Happy Birthday, America!

american-flag

This weekend the United States of America turns 233 years old.  On this occasion my thoughts turn to the ideal of the American Dream.  To me, the definition of the American Dream is the idyllic image of a house with a white picket fence with a dog and raising 2.5 kids, and having the opportunity to be a success at anything you aspire to.  There are many people that embody the spirit of the American Dream.  These people come to mind.

Cesar Millan, otherwise known as The Nation Geographic Channel’s The Dog Whisperer, a Mexican immigrant who entered the United States as an illegal like many others with nothing.  He found a passion, stuck with it, and grew his success to a point where he’s been a guest on Oprah, got his own TV show, has written many books, and now has his own signature line of dog supplies sold at what is probably the country’s biggest chain of pet stores, Petco. 

The man that does yard work at my mom’s house, Martin.  He is and will probably always be an illegal alien Mexican immigrant.  Like many tens of thousands like him, he’ll stand on a corner at the crack of dawn waiting for someone to choose him as a day laborer.  He hustles his butt off, doing any odd job that pays.  He has to stash away a large reserve of cash because at any given moment he could be caught by immigration and be deported to Mexico.  He has to pay thousands of dollars to the “coyotes” that smuggle him back to the States.  Despite these obstacles he’s a co-owner of the house he lives in, is raising a family, and is undoubtedly making a better life for his children.

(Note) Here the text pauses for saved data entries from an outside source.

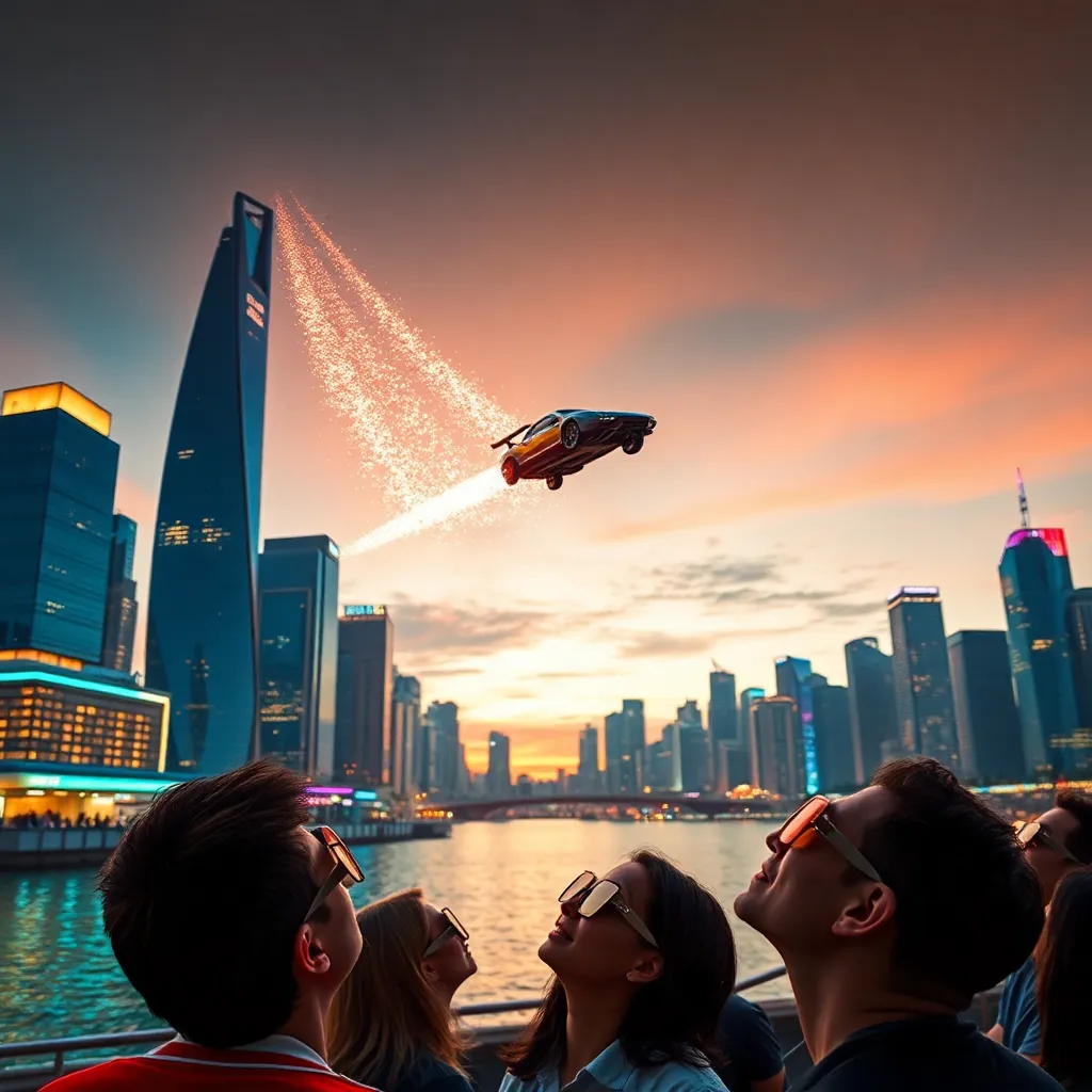 Imagine a futuristic cityscape at sunset, with towering skyscrapers and flying cars zipping by. In the foreground, a group of people from diverse backgrounds are gathered around a holographic display, laughing and cheering as they celebrate a groundbreaking AI discovery. Generate an image that captures the excitement and innovation.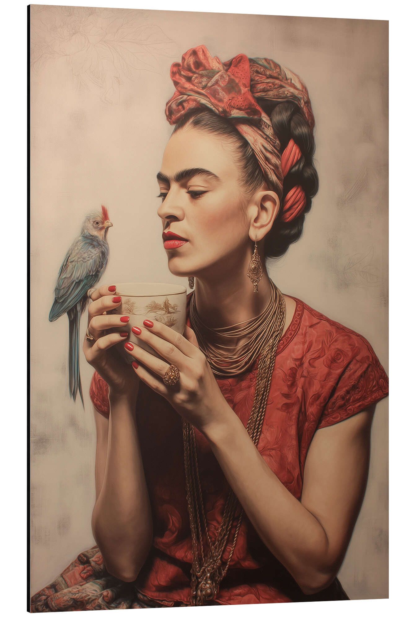 Posterlounge   Vægdekoration   Stjerner & kendte   Frida Kahlo   Carina Artspace   Print på aluminium Bird love with Frida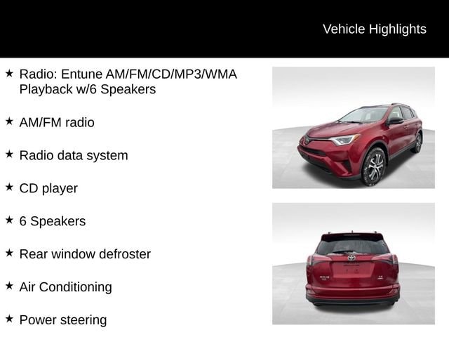 2018 Toyota RAV4 LEAWD, Black Cloth, 4-Wheel Disc Brakes, 4.071 Axle Ratio, 6 Speakers, ABS brakes, Air Conditioning, AM/FM radio, Auto High-beam Headlights, Brake assist, Bumpers: body-color, CD player, Driver door bin, Driver vanity mirror, Dual front impact airbags, Dual front side impact airbags, Electronic Stability Control, Exterior Parking Camera Rear, Fabric Seat Trim, Four wheel independent suspension, Front anti-roll bar, Front Bucket Seats, Front Center Armrest, Front reading lights, Fully automatic headlights, Illuminated entry, Knee airbag, Low tire pressure warning, Occupant sensing airbag, Outside temperature display, Overhead airbag, Overhead console, Panic alarm, Passenger door bin, Passenger vanity mirror, Power door mirrors, Power steering, Power windows, Radio data system, Radio: Entune AM/FM/CD/MP3/WMA Playback w/6 Speakers, Rear anti-roll bar, Rear seat center armrest, Rear window defroster, Rear window wiper, Remote keyless entry, Speed control, Speed-sensing steering, Split folding rear seat, Spoiler, Steering wheel mounted audio controls, Tachometer, Telescoping steering wheel, Tilt steering wheel, Traction control, Trip computer, Wheels: 17 x 6.5J.Say Yes to Sullivan! Our Dealer Conveyance fee is only $479!Awards:* 2018 KBB.com 10 Best SUVs Under $25,000 * 2018 KBB.com 10 Most Awarded Brands * 2018 KBB.com Best Resale Value Awards

My late cousin, Tony.  Tony was originally from Bolivia and was married to my cousin Yolanda.  Tony returned to Bolivia to bring back his daughter Isabel.  When she first got here as a little girl Isabel didn’t speak a word of English.  Now, she’s grown woman, serves in the Navy, there’s not a trace of a Spanish accent when she speaks.  Even years after his passing, Tony’s memory still represents the fulfillment of the American Dream.

Our governor, Arnold Schwarzeneggar, is himself an immigrant.  Where else but in America can someone migrate here speaking barely comprehensible English, become a movie star, marry into a family that is almost American royalty, and be elected to the highest office in the most populous state in the union?

Our nation’s president, Barack Obama, is only one generation removed from a man that grew up in a small village in the African nation of Kenya.  Imagine a man with that background having a son that would one day become the most powerful man in the free world.  Where else on the entire planet could a dream like this be achieved?  In the words of everyone’s favorite boxing promoter, Don King, “Only in America”.

I also think of the blue-coated militia that constituted America’s first army.  They fought and died to protect America’s independence against the British Empire, the centuries long most powerful empire on Earth at the time.

Most Americans can recite the opening words to Declaration of Independence, “We hold these truths to be self-evident that all men are created equal, that they are endowed by their creator with certain unalienable rights, that among these rights are life, liberty, and the pursuit of happiness.”  Those words speak of a promise, and it is thanks to people like the ones I have mentioned above that prove that America’s promise can and will be fulfilled.

God bless America.  And happy birthday, too!